> **Task requirements**:
Using the records below, report how many lines hold "direkt", with no extra text.

> **Material for this exercise**:
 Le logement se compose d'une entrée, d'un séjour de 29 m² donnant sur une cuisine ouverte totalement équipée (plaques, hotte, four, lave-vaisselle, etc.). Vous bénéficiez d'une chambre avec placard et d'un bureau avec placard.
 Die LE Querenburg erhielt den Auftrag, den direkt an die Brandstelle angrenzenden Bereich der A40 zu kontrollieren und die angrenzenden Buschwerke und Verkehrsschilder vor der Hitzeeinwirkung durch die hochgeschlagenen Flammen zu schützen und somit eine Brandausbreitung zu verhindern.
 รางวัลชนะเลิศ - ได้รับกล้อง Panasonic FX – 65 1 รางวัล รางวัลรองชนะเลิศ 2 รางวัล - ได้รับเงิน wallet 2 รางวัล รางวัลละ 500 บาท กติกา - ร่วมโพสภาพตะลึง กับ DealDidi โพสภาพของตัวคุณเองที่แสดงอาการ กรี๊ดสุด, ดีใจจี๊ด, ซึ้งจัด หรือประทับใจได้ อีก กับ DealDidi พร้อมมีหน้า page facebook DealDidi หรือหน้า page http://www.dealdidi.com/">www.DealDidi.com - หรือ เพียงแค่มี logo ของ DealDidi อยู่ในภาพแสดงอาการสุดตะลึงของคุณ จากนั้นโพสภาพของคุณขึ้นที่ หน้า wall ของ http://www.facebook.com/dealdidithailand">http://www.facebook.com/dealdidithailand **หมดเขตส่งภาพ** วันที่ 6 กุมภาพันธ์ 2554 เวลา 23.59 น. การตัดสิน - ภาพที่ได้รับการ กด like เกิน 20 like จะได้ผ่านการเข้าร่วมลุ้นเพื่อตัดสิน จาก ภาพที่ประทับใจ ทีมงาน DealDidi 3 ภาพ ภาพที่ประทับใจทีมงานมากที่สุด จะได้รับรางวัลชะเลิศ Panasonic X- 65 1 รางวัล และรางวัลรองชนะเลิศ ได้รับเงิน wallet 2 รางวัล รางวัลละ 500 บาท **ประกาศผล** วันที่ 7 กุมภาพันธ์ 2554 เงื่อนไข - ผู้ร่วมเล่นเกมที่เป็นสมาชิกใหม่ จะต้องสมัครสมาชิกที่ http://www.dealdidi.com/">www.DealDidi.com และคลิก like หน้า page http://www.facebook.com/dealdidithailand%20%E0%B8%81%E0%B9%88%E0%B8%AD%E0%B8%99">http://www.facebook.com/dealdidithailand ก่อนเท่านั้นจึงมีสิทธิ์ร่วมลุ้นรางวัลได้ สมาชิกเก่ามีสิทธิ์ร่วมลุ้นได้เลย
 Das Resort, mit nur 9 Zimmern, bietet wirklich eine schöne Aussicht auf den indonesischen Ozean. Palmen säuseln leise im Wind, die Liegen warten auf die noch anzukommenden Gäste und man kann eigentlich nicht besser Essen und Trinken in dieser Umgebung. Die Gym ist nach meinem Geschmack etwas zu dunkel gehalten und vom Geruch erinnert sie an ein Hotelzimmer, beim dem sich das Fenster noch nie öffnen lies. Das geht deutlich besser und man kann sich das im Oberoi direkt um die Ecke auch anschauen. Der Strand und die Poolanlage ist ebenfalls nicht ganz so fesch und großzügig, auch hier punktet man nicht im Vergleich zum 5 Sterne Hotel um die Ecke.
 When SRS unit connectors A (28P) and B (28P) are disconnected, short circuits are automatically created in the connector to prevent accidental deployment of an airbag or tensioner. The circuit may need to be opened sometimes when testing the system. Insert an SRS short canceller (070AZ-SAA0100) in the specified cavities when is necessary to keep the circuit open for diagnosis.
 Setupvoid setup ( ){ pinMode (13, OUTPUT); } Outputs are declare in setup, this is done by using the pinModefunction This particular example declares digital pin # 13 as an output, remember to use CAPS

> **Solution for this task**:
2